## Your objective
Apart from any images, the entries are to be output exactly.

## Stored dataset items

*** Begin section ***

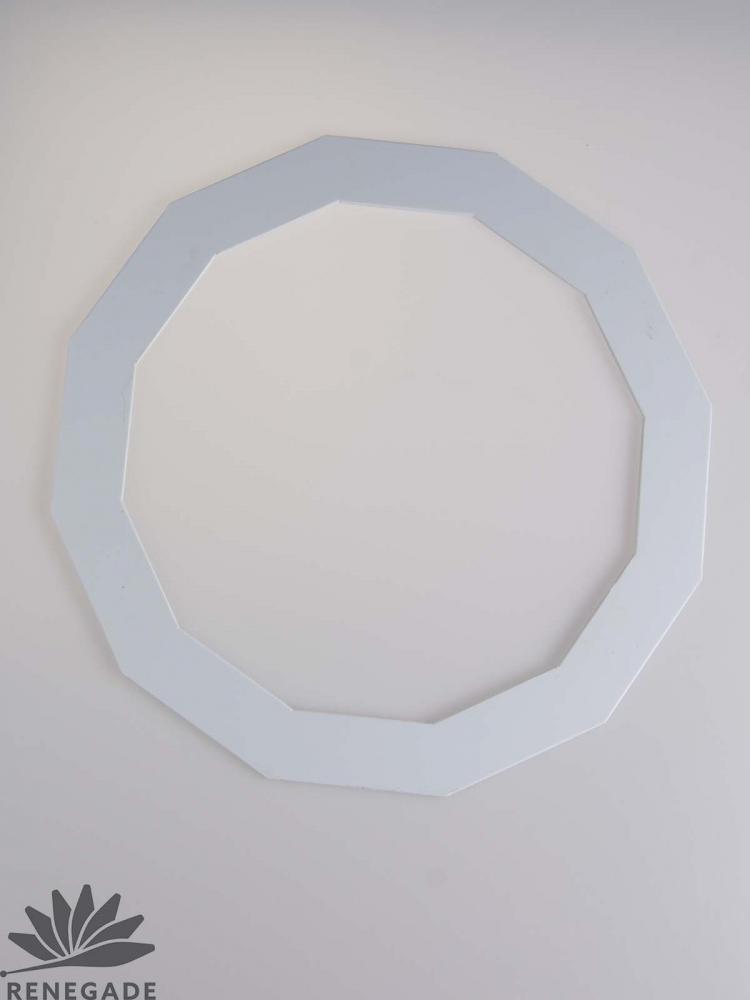 This 12-sided polygon ring has an interesting look when juggled, and its unique shape will no doubt lead to new tricks. It is similar in size to the standard ring with a 33 cm (13 inch) diameter, and is very close in shape to a round ring. The perfect stiffness and light weight (98 grams) make the rings juggle very well. The ring is made of 1/8 inch thick white plastic, and the edge is flat and beveled.
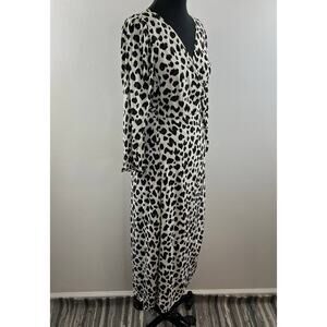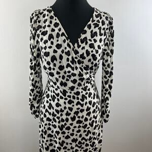 CLEOBELLA Anthropologie Black White Animal Printed Long Sleeve Wrap Midi Dress S
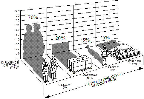 產品80%以上的成本是在設計階段決定的,因此在產品設計階段降低成本的空間也大。
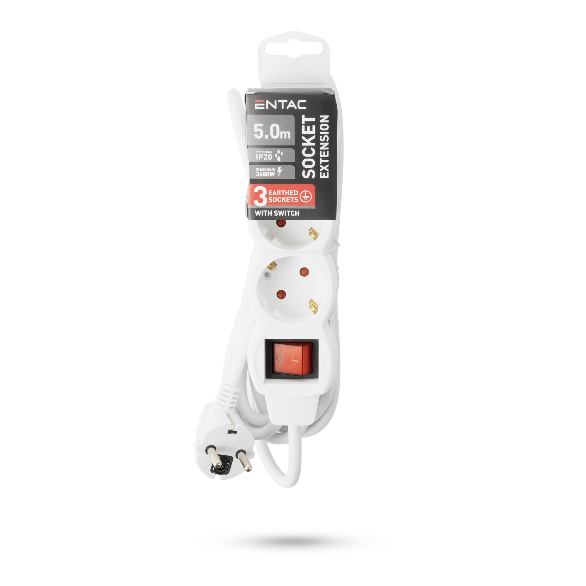 The Entac socket extension with switches are indispensable both at work and home. With their help you can provide electricity for all of your electric devices even if the power source is located further away in the room. Our range includes earthed socket strips with 3 to 6 sockets, 3G1.0 cable type in 1.5, 3 and 5 m lengths, as well as 3G1.5 cable type in 1.5 and 3 meter lengths. With the help of the switch you can disconnect your devices without unplugging them from the power strip.
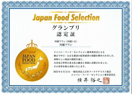 この度、川越プリンは『川越プリン(川越いも)』が、ジャパンフードセレクションにて埼玉県初となるプリンでのグランプリを受賞致しました。
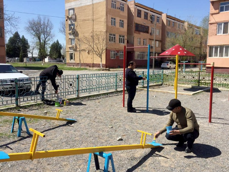 Cпортивные и игровые установки на детских площадках рядом с многоквартирными домами, расположенными на территории махалли, окрашены в разные цвета, полностью отремонтированы и сданы в эксплуатацию.
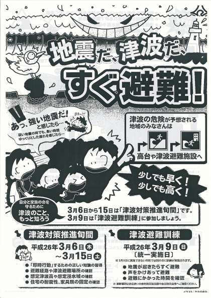 来週9日(日)に実施される津波避難訓練のチラシを生徒に配布しました。来週の津波避難訓練(静浦全地区)に参加しましょう。
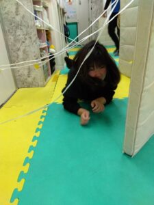テープを蜘蛛の巣に見立てて、ひっかからないようにくぐりぬけたり、
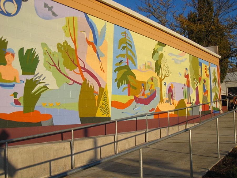 "Rivers" is a panoramic mural of people enjoying and caring for the natural riches found in the Tualatin watershed. The design sparkles with the play of lively color and pattern.
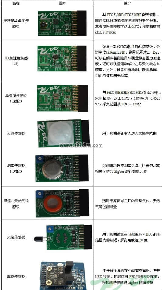 TW-FIT1000標(biāo)配共用8個Zigbee節(jié)點,每個節(jié)點均由一個射頻板與一個底板構(gòu)成,如下表:
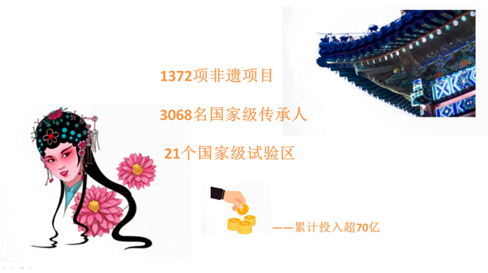 文化和旅游部非物质文化遗产司副司长胡雁10月17日下午在出席第七届中国成都国际非物质文化遗产节相关活动时介绍,目前,国务院公布了四批1372项国家级非遗代表性项目,文化和旅游部认定了五批3068名国家级代表性传承人,批准设立了21个国家级文化生态保护试验区;各省、区、市认定了15777项省级代表性项目和16432名省级代表性传承人。
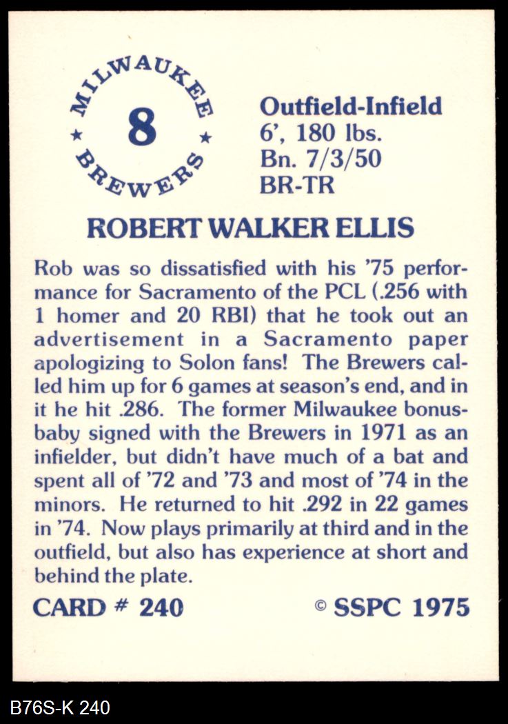1975 SSPC #240 Rob Ellis
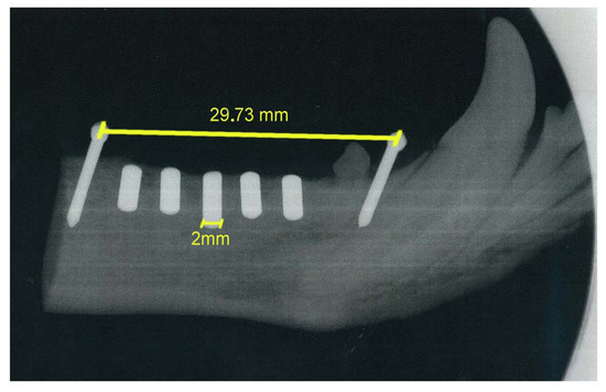 The mandibular block containing the implant was removed from the mandible using an oscillating autopsy saw (Exakt, Kulzer, Germany) and stored in a 5% formaldehyde solution (pH 7). The position of the implants was confirmed by radiographic examination (Figure 9).

*** End section ***

## Response below
 This 12-sided polygon ring has an interesting look when juggled, and its unique shape will no doubt lead to new tricks. It is similar in size to the standard ring with a 33 cm (13 inch) diameter, and is very close in shape to a round ring. The perfect stiffness and light weight (98 grams) make the rings juggle very well. The ring is made of 1/8 inch thick white plastic, and the edge is flat and beveled.
 CLEOBELLA Anthropologie Black White Animal Printed Long Sleeve Wrap Midi Dress S
 產品80%以上的成本是在設計階段決定的,因此在產品設計階段降低成本的空間也大。
 The Entac socket extension with switches are indispensable both at work and home. With their help you can provide electricity for all of your electric devices even if the power source is located further away in the room. Our range includes earthed socket strips with 3 to 6 sockets, 3G1.0 cable type in 1.5, 3 and 5 m lengths, as well as 3G1.5 cable type in 1.5 and 3 meter lengths. With the help of the switch you can disconnect your devices without unplugging them from the power strip.
 この度、川越プリンは『川越プリン(川越いも)』が、ジャパンフードセレクションにて埼玉県初となるプリンでのグランプリを受賞致しました。
 Cпортивные и игровые установки на детских площадках рядом с многоквартирными домами, расположенными на территории махалли, окрашены в разные цвета, полностью отремонтированы и сданы в эксплуатацию.
 来週9日(日)に実施される津波避難訓練のチラシを生徒に配布しました。来週の津波避難訓練(静浦全地区)に参加しましょう。
テープを蜘蛛の巣に見立てて、ひっかからないようにくぐりぬけたり、
 "Rivers" is a panoramic mural of people enjoying and caring for the natural riches found in the Tualatin watershed. The design sparkles with the play of lively color and pattern.
 TW-FIT1000標(biāo)配共用8個Zigbee節(jié)點,每個節(jié)點均由一個射頻板與一個底板構(gòu)成,如下表:
 文化和旅游部非物质文化遗产司副司长胡雁10月17日下午在出席第七届中国成都国际非物质文化遗产节相关活动时介绍,目前,国务院公布了四批1372项国家级非遗代表性项目,文化和旅游部认定了五批3068名国家级代表性传承人,批准设立了21个国家级文化生态保护试验区;各省、区、市认定了15777项省级代表性项目和16432名省级代表性传承人。
1975 SSPC #240 Rob Ellis
 The mandibular block containing the implant was removed from the mandible using an oscillating autopsy saw (Exakt, Kulzer, Germany) and stored in a 5% formaldehyde solution (pH 7). The position of the implants was confirmed by radiographic examination (Figure 9).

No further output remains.